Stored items

....

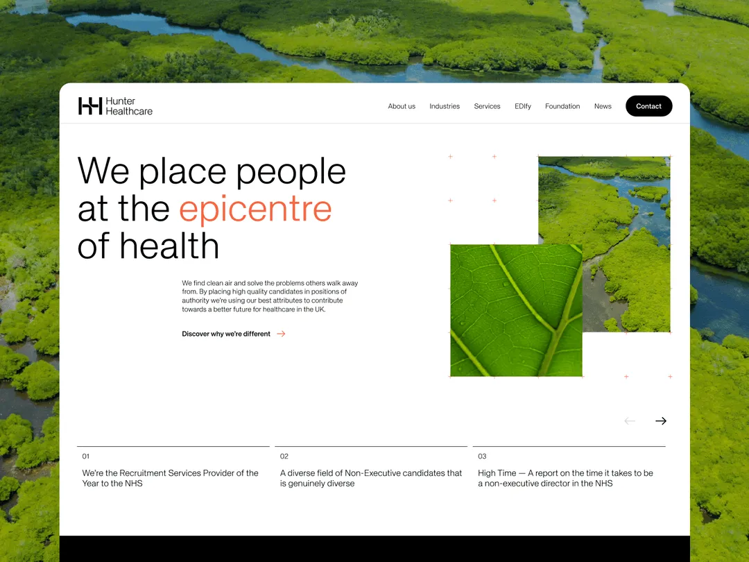 The Hunter Healthcare team connected with Shoreditch Design for a complete website redesign, with the goals of smooth user experience and an update their user interface to set them apart, following their exciting new rebrand by the incredible @mother.
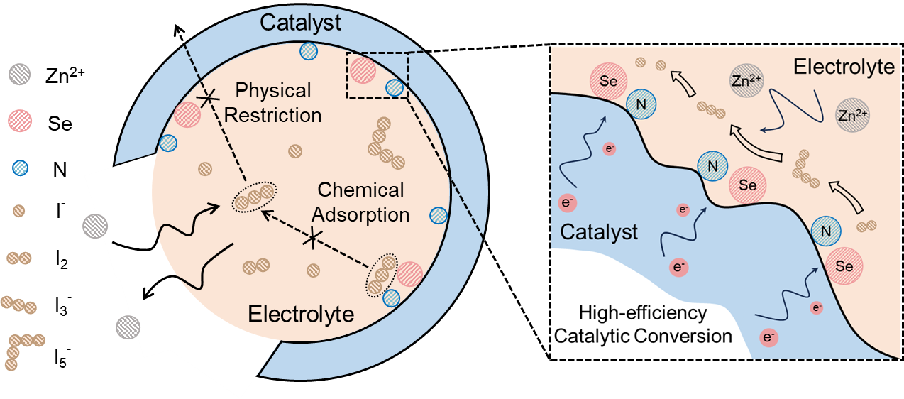 由于锌-碘电池具有理想的能量密度(理论上为272 Wh kg-1)、安全和环境友好性的优势,引起了广大的关注。然而,亲水性多碘化物中间体(I5-和 I3-)在电极上的穿梭,和缓慢的碘转化动力学严重影响了电池的实际性能。本文通过将原子级分散的半金属硒单原子(Se SAs)包埋在ZIF-8衍生的氮掺杂碳中,成功设计了具有双活性位点的高效碘宿主。这种设计触发了碘的快速转化,而且增强了多碘化物的锚定,抑制了I3-穿梭,实现了优异的倍率性能和循环寿命。原位表征和计算结果表明,除了多孔碳骨架的物理约束和增强的化学吸附外,碳上的Se SAs位点和N位点通过调制转化反应能垒实现了快速的 I0/I-偶联转化反应。这项工作为设计下一代水系锌-碘电池的高效I2宿主提供了有价值的见解。
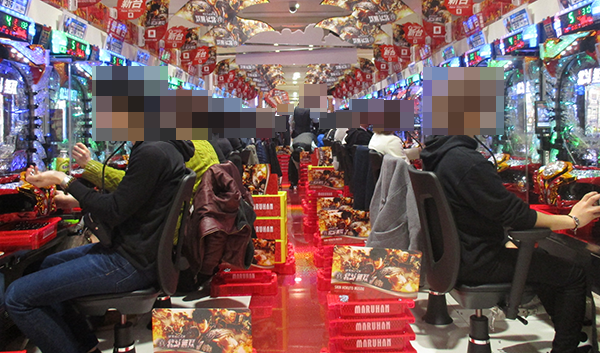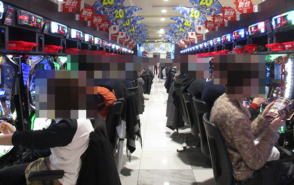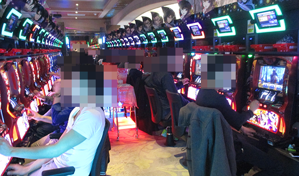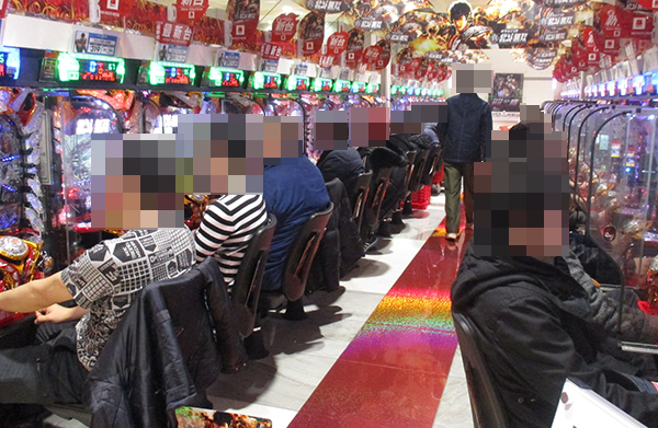 14時頃になっても4円パチンコの「ぱちんこCR真・北斗無双」に空き台が出ることはほとんどなく、満面の笑みを浮かべて遊技をおこなっているプレイヤーも多数。設置台数が多いこともあり、ひときわ活気が感じられた。
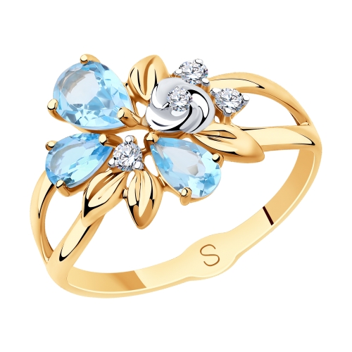 Восхитительное кольцо необыкновенного дизайна из красного золота 585 пробы, декорировано очаровательной композицией из голубых топазов и сверкающих фианитов. Кольцо с изящным декором с нежными топазами и кристальным блеском фианитов завораживает взгляд, и станет великолепной деталью неповторимого женственного образа. Покупайте украшение для своей коллекции или в подарок выгодно в магазинах Мир Золота.
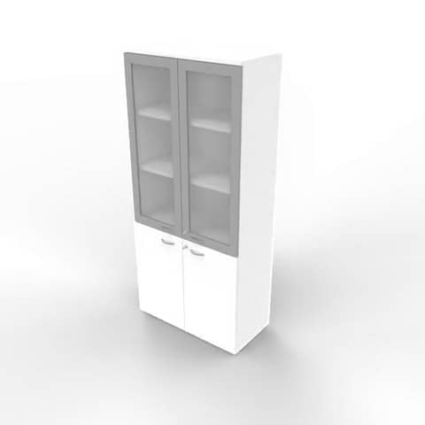 Armadio alto con ante basse bianche e alte in vetro telaio MDF scocca bianca 90x45xH.200 cm – ECE490T-BA-BA-V3
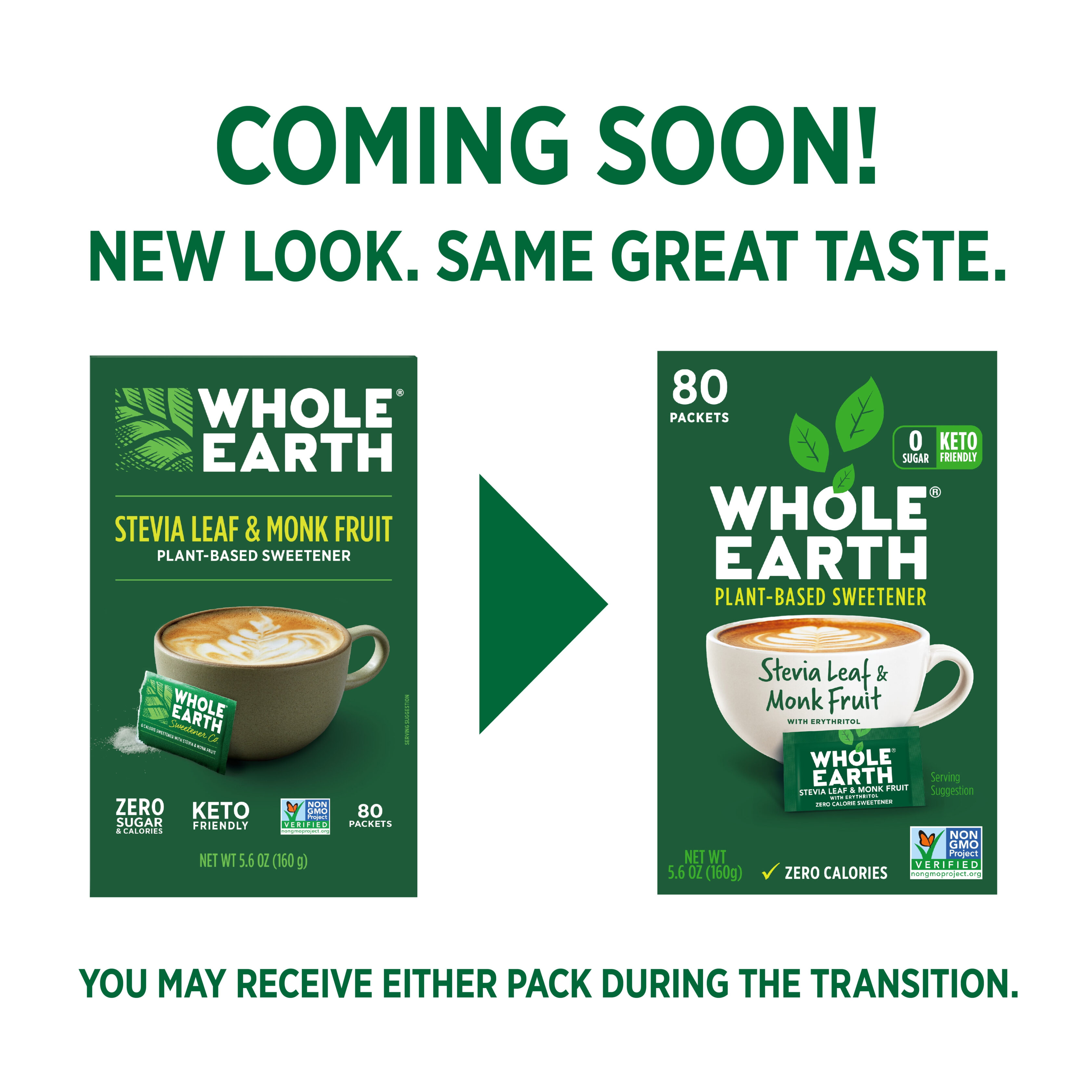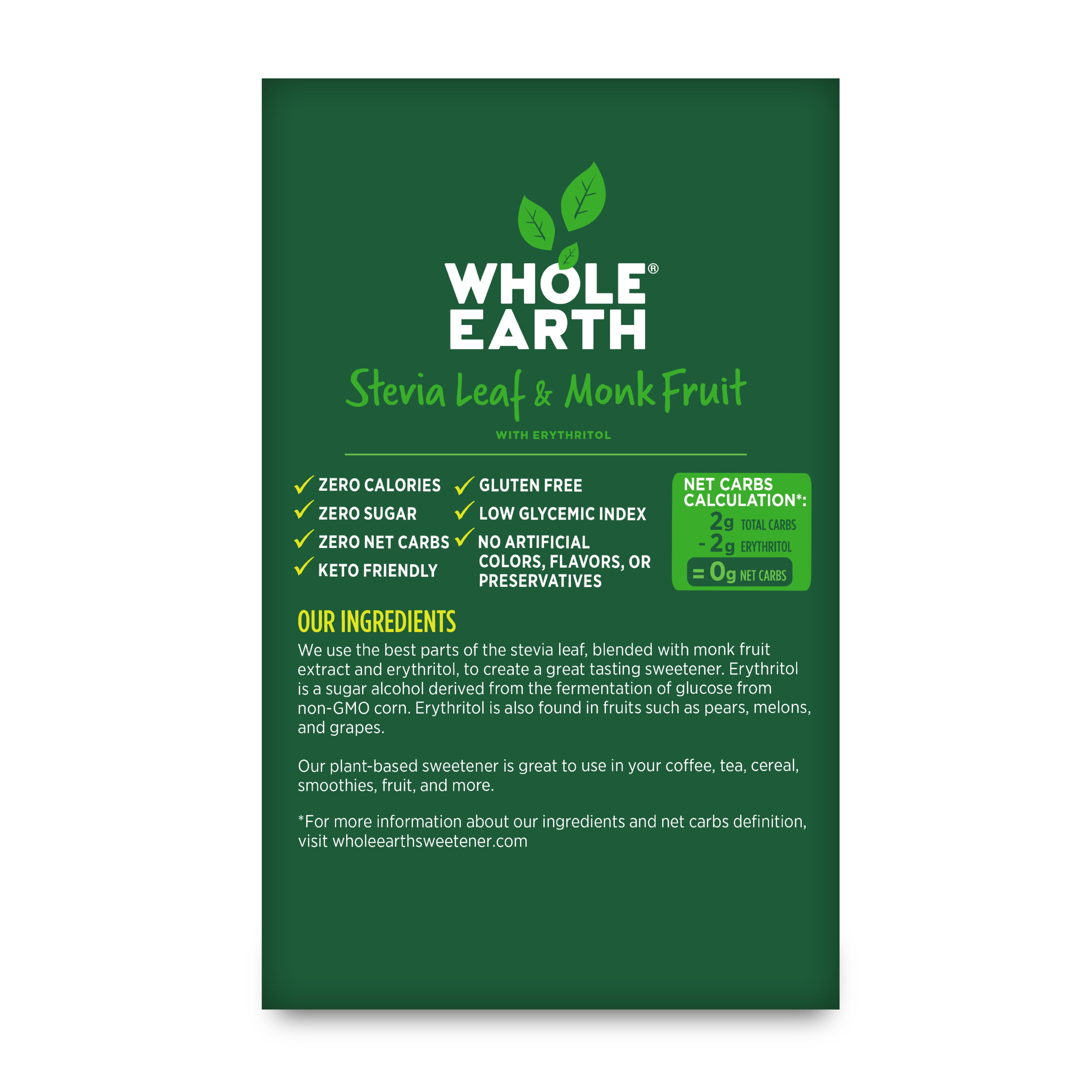 - ERYTHRITOL SWEETENER: Each carton contains 80 packets of delicious WHOLE EARTH SWEETENER Stevia and Monk Fruit Natural* Sweetener
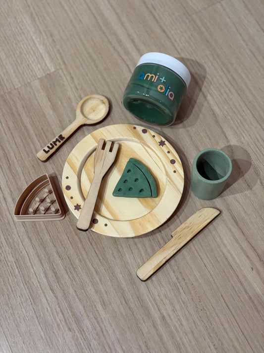 Prato, Talheres e Copo Verde e Massinha Artesanal Atóxica

....

What the task asks –
Your copy should hold exactly the lines from the one with "- ERYTHRITOL SWEETENER: Each" through the end of the records, both included, and no pictures.

Response –
 - ERYTHRITOL SWEETENER: Each carton contains 80 packets of delicious WHOLE EARTH SWEETENER Stevia and Monk Fruit Natural* Sweetener
 Prato, Talheres e Copo Verde e Massinha Artesanal Atóxica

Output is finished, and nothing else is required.